About this task
Every entry must be transcribed exactly. Pictures are not part of the copy.

Source data

_ _ _ _ _ _ _

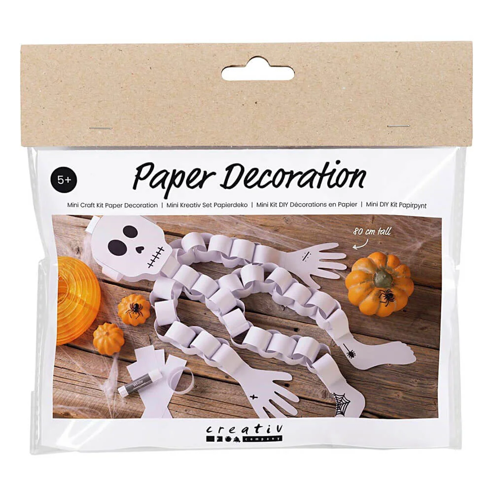 Als je dit jaar met Halloween je eigen decoraties wilt maken, dan is deze Mini Hobbyset de perfecte oplossing. Samen met de kinderen kun je een leuk rammelend papieren skelet maken. Het is ontzettend eenvoudig en kinderen vanaf 5 jaar kunnen dit project al afronden. Het skelet is gemaakt van papieren slingers en de kinderen kunnen er zelfs leuke details op tekenen met stiften.
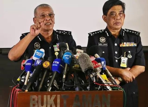 马来西亚副警察总长诺拉昔(左)19日在发布会上
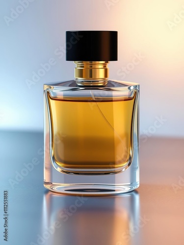 Elegant glass perfume bottle on metallic surface , beauty, reflective, perfume bottle
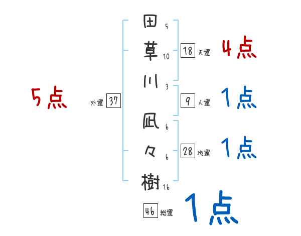 総運![]() | 田草川凪々樹さんの総運は46画の1つ星!迷走することが多く苦労するかも。目先のことにとらわれないように。 あなたの人生を表す1番重要な運勢です。生涯を通じて影響する総合運となり、主に50歳以降の晩年期に影響を及ぼします。 |
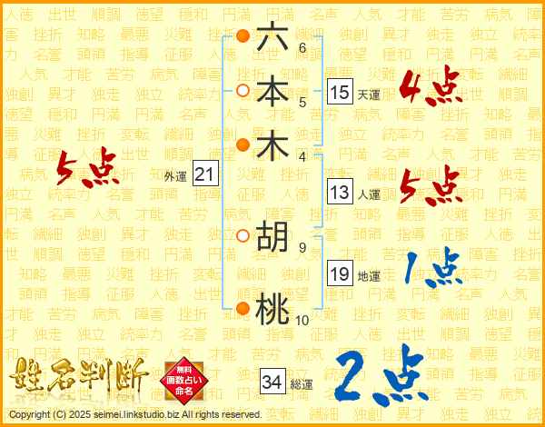 六本木胡桃さんの総運は34画の2点!
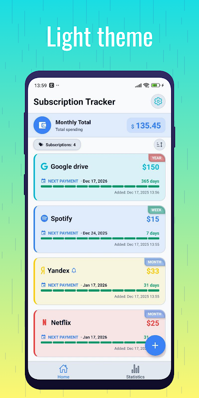월별 및 연간 구독 비용을 추적하세요. 시각적인 통계를 통해 돈이 어디로 가는지, 실제로 얼마나 지출하는지 파악할 수 있습니다.
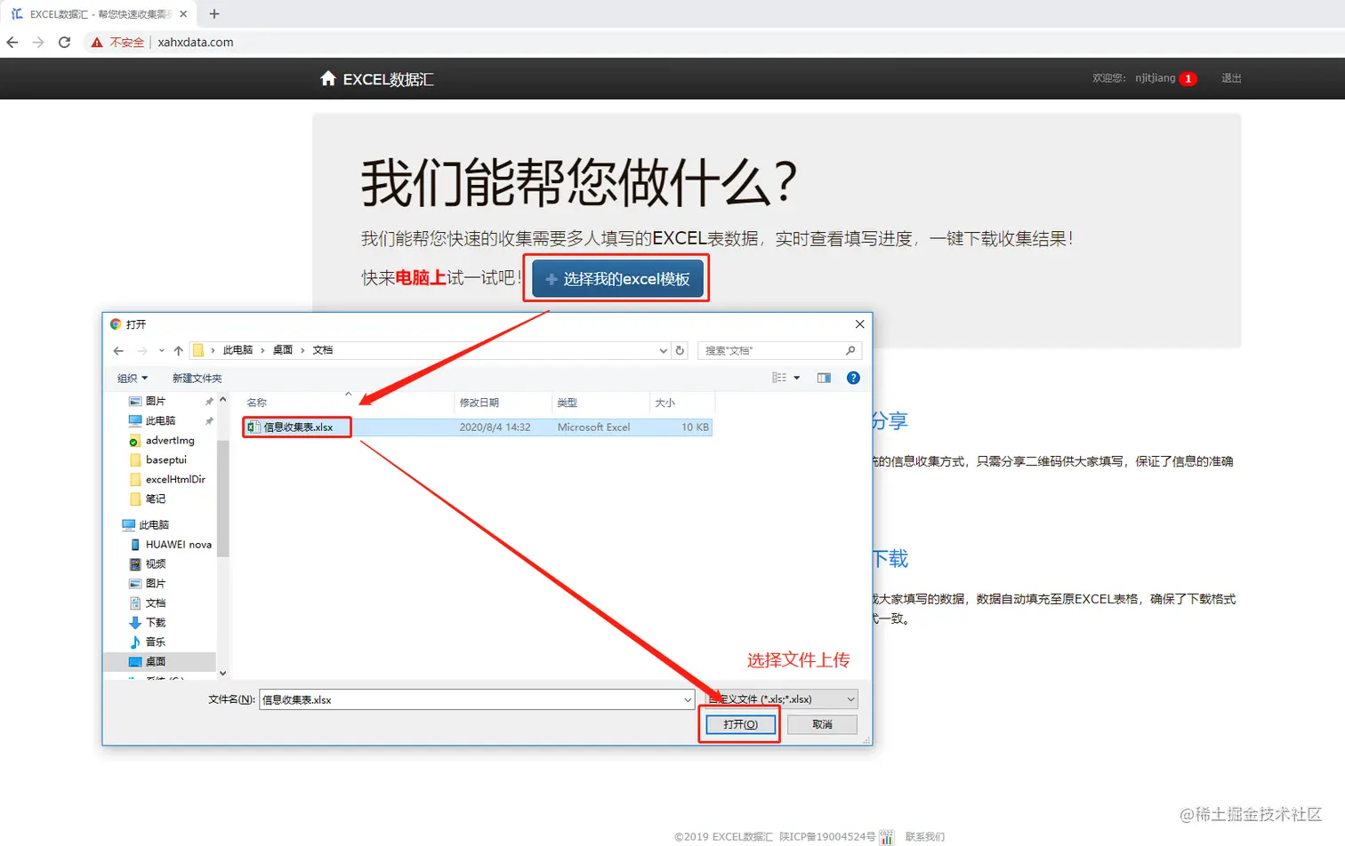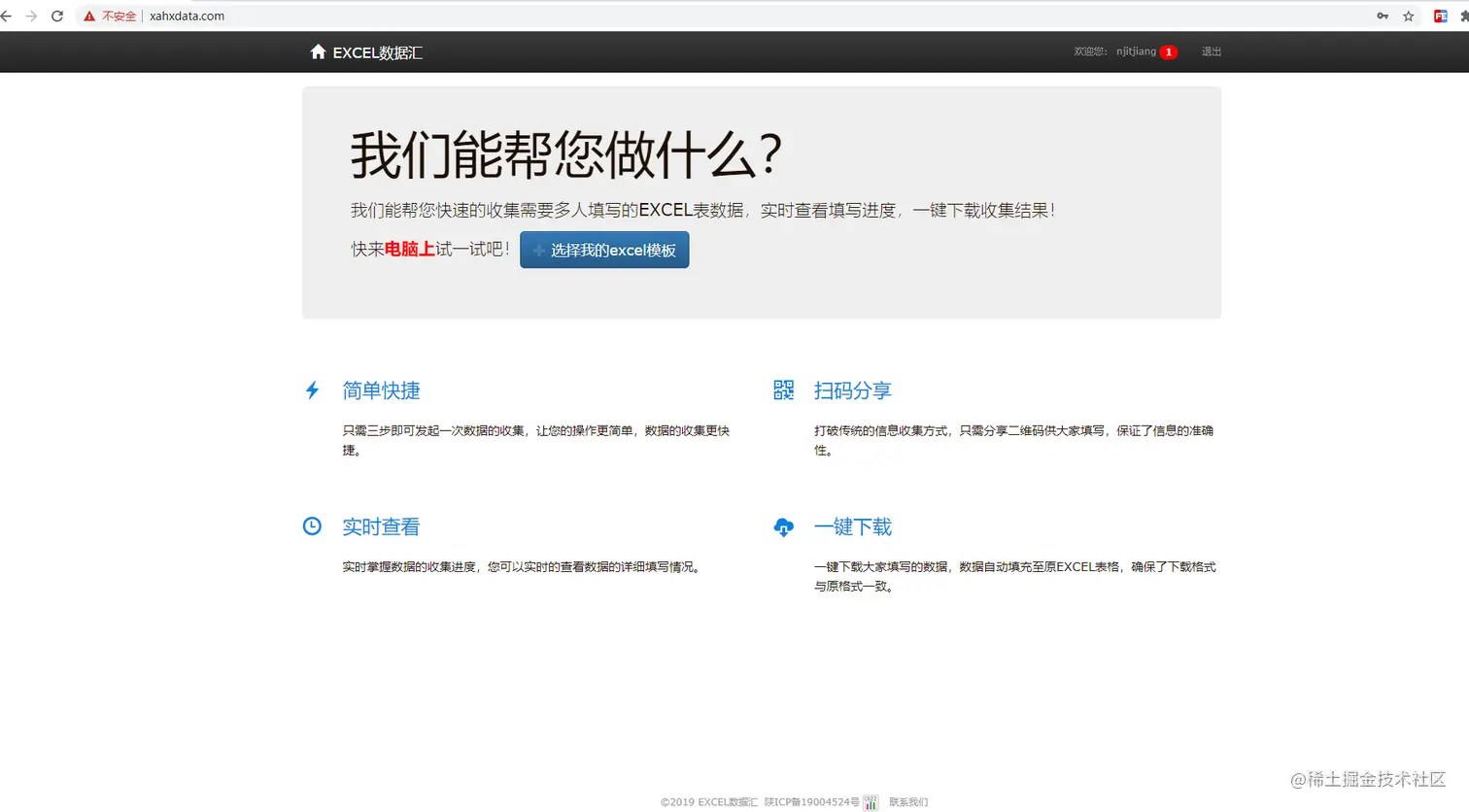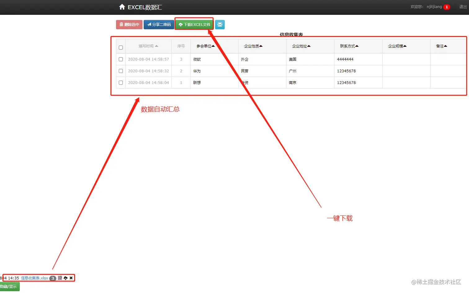 8、信息收集人可以直接在电脑端浏览自己采集的数据,数据将会自动进行汇总展现给采集人,然后采集人可以点击【下载EXCEL文件】按钮,将采集到的数据进行下载,下载的数据就是一个和模板一致的并且进行了整合的一个电子表格,此时不需要采集人再费力气去整合
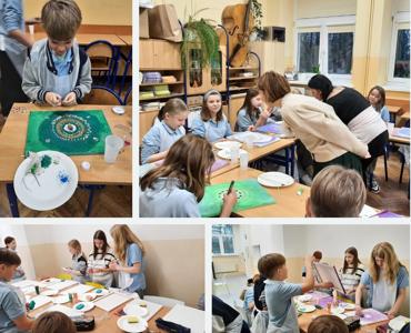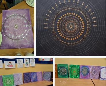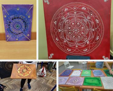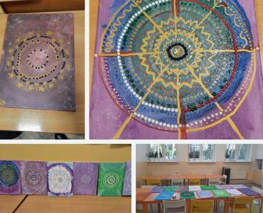 Pani Katarzyna Staniak- Litwińczuk (mama Glorii i Ryszarda) przeprowadziła w klasie 5a warsztaty robienia mandali. Rysowanie mandali przynosi spokój i harmonię. Każdy wzór jest indywidualny i zależy od energii jego właściciela.
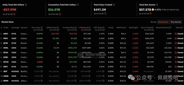 根据Sosovalue数据,比特币现货ETF 已经连续9 天呈现资金净流入;但是7/18 日(还有三家ETF 资料未纪录)由于GBTC 大量流出约2,200 万美元,目前看来大概率将呈现净流出的状况,无法完成连续十天净流入的纪录…。

_ _ _ _ _ _ _

Written solution
 Als je dit jaar met Halloween je eigen decoraties wilt maken, dan is deze Mini Hobbyset de perfecte oplossing. Samen met de kinderen kun je een leuk rammelend papieren skelet maken. Het is ontzettend eenvoudig en kinderen vanaf 5 jaar kunnen dit project al afronden. Het skelet is gemaakt van papieren slingers en de kinderen kunnen er zelfs leuke details op tekenen met stiften.
 马来西亚副警察总长诺拉昔(左)19日在发布会上
 Elegant glass perfume bottle on metallic surface , beauty, reflective, perfume bottle
 総運![]() | 田草川凪々樹さんの総運は46画の1つ星!迷走することが多く苦労するかも。目先のことにとらわれないように。 あなたの人生を表す1番重要な運勢です。生涯を通じて影響する総合運となり、主に50歳以降の晩年期に影響を及ぼします。 |
 六本木胡桃さんの総運は34画の2点!
월별 및 연간 구독 비용을 추적하세요. 시각적인 통계를 통해 돈이 어디로 가는지, 실제로 얼마나 지출하는지 파악할 수 있습니다.
 8、信息收集人可以直接在电脑端浏览自己采集的数据,数据将会自动进行汇总展现给采集人,然后采集人可以点击【下载EXCEL文件】按钮,将采集到的数据进行下载,下载的数据就是一个和模板一致的并且进行了整合的一个电子表格,此时不需要采集人再费力气去整合
 Pani Katarzyna Staniak- Litwińczuk (mama Glorii i Ryszarda) przeprowadziła w klasie 5a warsztaty robienia mandali. Rysowanie mandali przynosi spokój i harmonię. Każdy wzór jest indywidualny i zależy od energii jego właściciela.
 根据Sosovalue数据,比特币现货ETF 已经连续9 天呈现资金净流入;但是7/18 日(还有三家ETF 资料未纪录)由于GBTC 大量流出约2,200 万美元,目前看来大概率将呈现净流出的状况,无法完成连续十天净流入的纪录…。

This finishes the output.